- **DATASET SECTION**:
%%
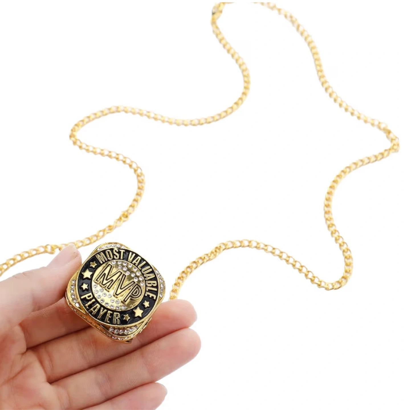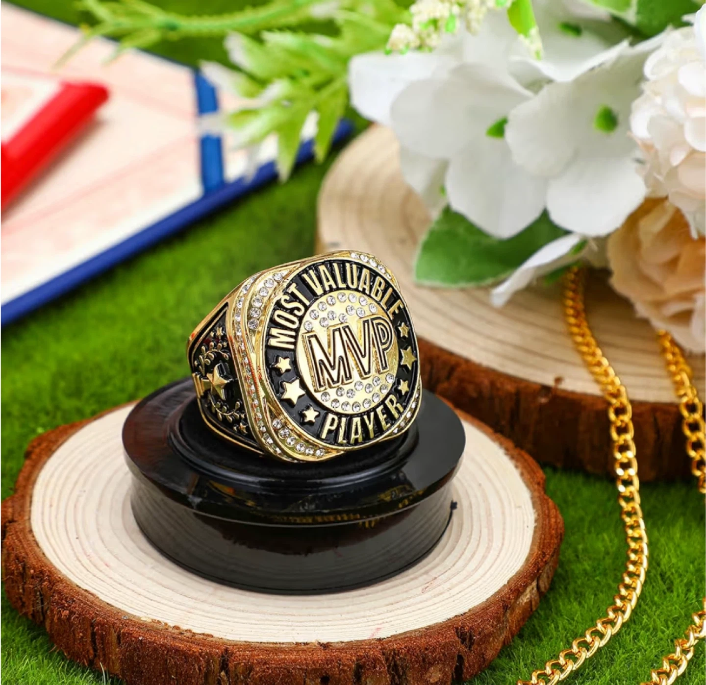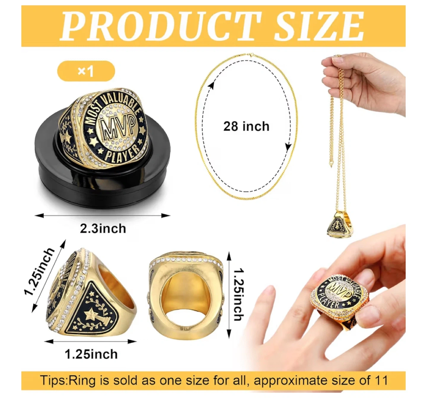 121Selling a new MVP Championship ring! It's a size 11 and comes with a display neck chain and a black display stand. The ring is made with high-quality material. The chain is 28 inches long, and the ring dimensions are approximately 2.3 inches in length and 1.25 inches in width and height
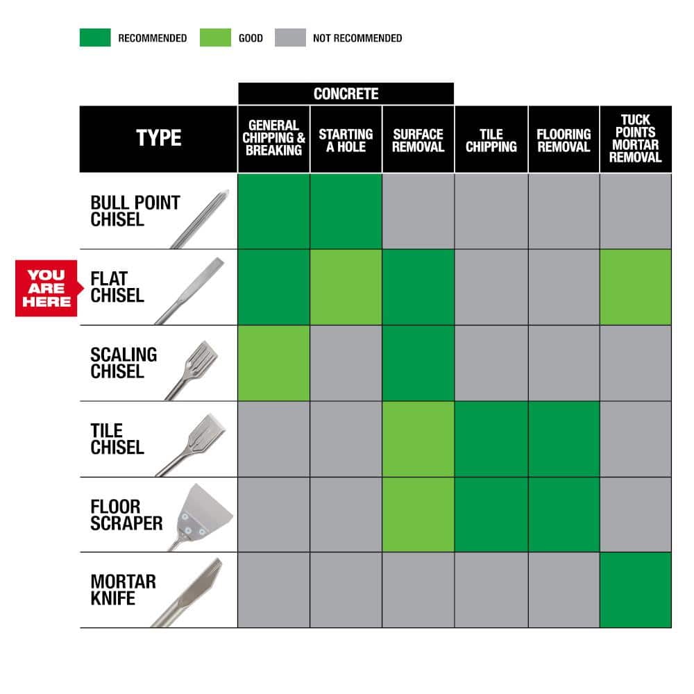 Upgrade your rotary hammer with Milwaukee’s longest-lasting flat chisel and power through concrete with confidence.
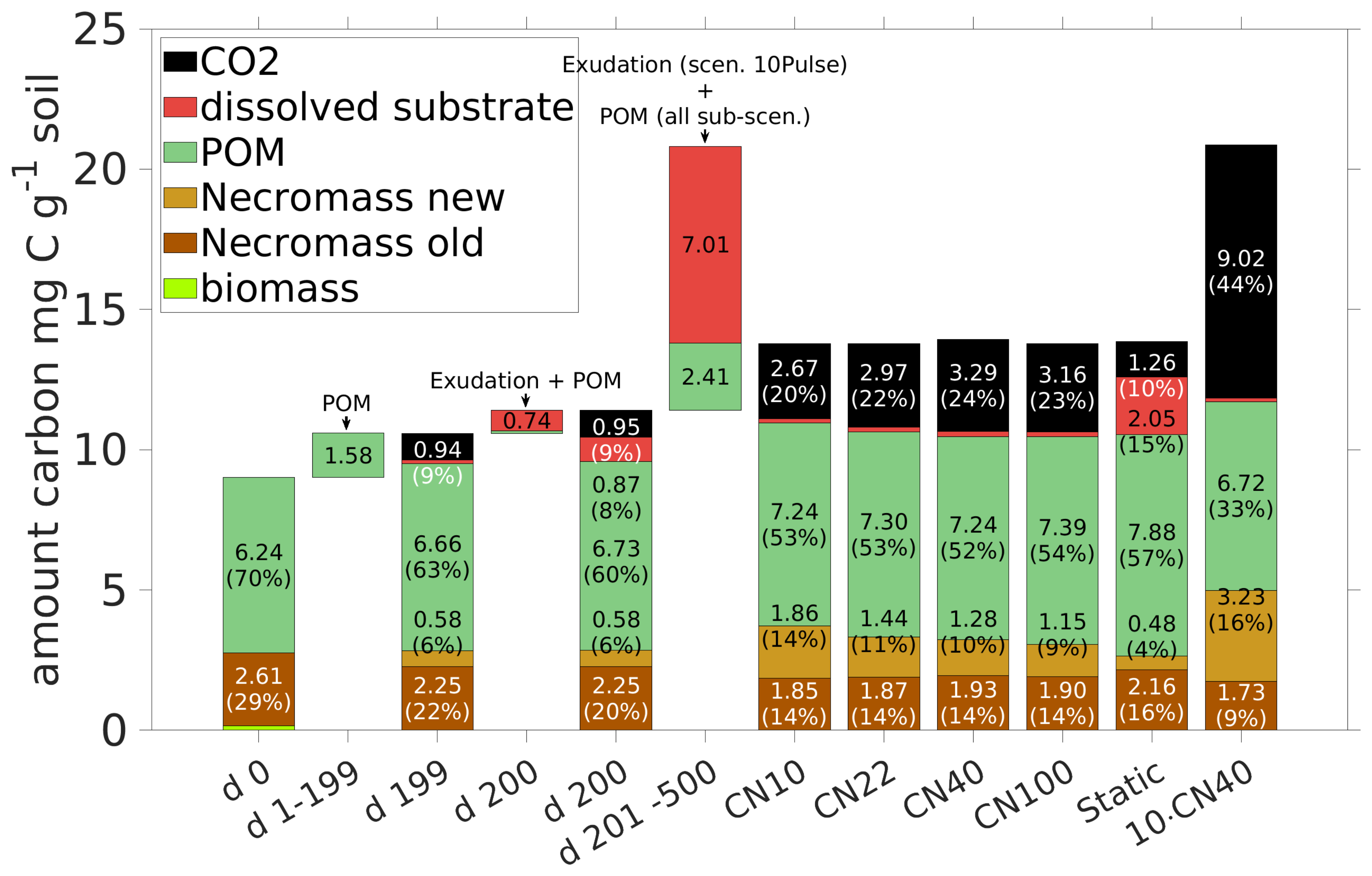 Figure 11Total amount of C and distribution among the pools at time steps 0, 199, 200 (exudate pulse) and 500 is compared for different exudate qualities ( ) in Scenario CN and for the 10pulse-Scenario 10Pulses ( 40) (last bar). Additionally the amounts of C entering the system are displayed (POM and exudates) for the period 1–199 (POM, all scenarios), day 200 (exudates and POM, all scenarios), and days 201–500 (exudation in scenario 10 Pulses, POM for all scenarios). For clarity, the values of pools contributing less than 2 % (biomass and dissolved substrate except in Scenario Static) are not shown.
%%
- **YOUR INSTRUCTIONS**: Give again, exactly, the lines from the start of the data through the one holding "Upgrade your rotary"; omit the pictures.

- **REPLY**:
 121Selling a new MVP Championship ring! It's a size 11 and comes with a display neck chain and a black display stand. The ring is made with high-quality material. The chain is 28 inches long, and the ring dimensions are approximately 2.3 inches in length and 1.25 inches in width and height
 Upgrade your rotary hammer with Milwaukee’s longest-lasting flat chisel and power through concrete with confidence.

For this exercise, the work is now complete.